Since 1989, all Gibson acoustics are built in Bozeman, MT and all Gibson electrics are built in Nashville or Memphis. Ranking numbers for Bozeman start each day at 001 and the electrics may start as low as the 300s.
70108276 means the instrument was produced on Jan. 10, 1978, in Kalamazoo and was the 276th instrument stamped that day.
82765501 means the instrument was produced on Oct. 3, 1985, in Nashville and was the 1st instrument stamped that day.
After July 2005, Gibson USA went to a 9 digit serial number. The sixth number is now a batch number, so the format turns to YDDDYBRRR. Batch 0 starts at the beginning of the day, and once they stamp 699, the batch number will change to 1. The first 5 numbers remain the same, the last 3 numbers will remain the same. The only difference is the addition of this batch indicator.

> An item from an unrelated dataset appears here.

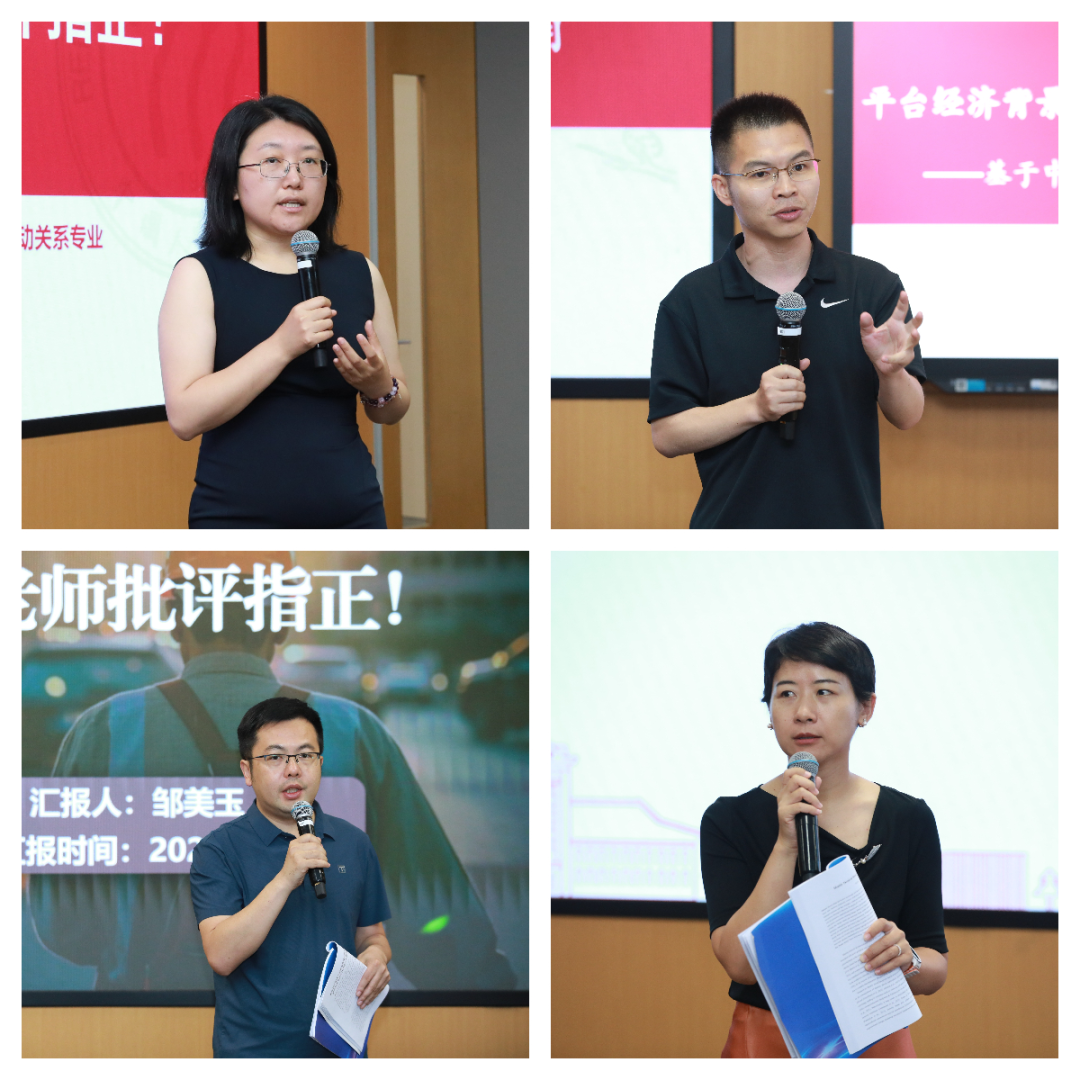 经公司各专业教师评审与选拔,闫欣洋、邹美玉、王攀、姚煦立4位同学分别围绕劳动经济学、社会保障、劳动关系、人力资源管理研究领域在主论坛作论文报告。公司各专业教师代表林琳、刘凯、汪建华、魏昕对其选题方向、研究方法、理论框架等进行点评,并提出富有建设性的指导意见。

There are always exceptions to these rules, the two listed below are worth noting:
Les Paul Classic:
This model features an ink stamped serial number with no “MADE IN USA” (just as was used on the original 1952-1960 Les Pauls). Most will be 5 to 6 digits in length, but the earliest examples feature 4 digit serial numbers. There should be a space after the 1st digit with the 4 and 5 digit serial numbers, and no space with the 6 digit numbers.
The 1st digit indicates the year of manufacture for the 4 or 5 digit serial numbers, these were used from 1989-1999. The 1st and 2nd indicate the year of manufacture for the 6 digit serial numbers which has been used since 2000.
9 xxx = 1989 (4 digit number beginning with “9” used only in 1989)
0 xxxx = 1990
9 xxxx = 1999
00xxxx = 2000
05xxxx = 2005
1994 was Gibson’s Centennial year. Many instruments have a serial number that begins with “94” for the year, with the remaining 6 digits indicating the ranking number.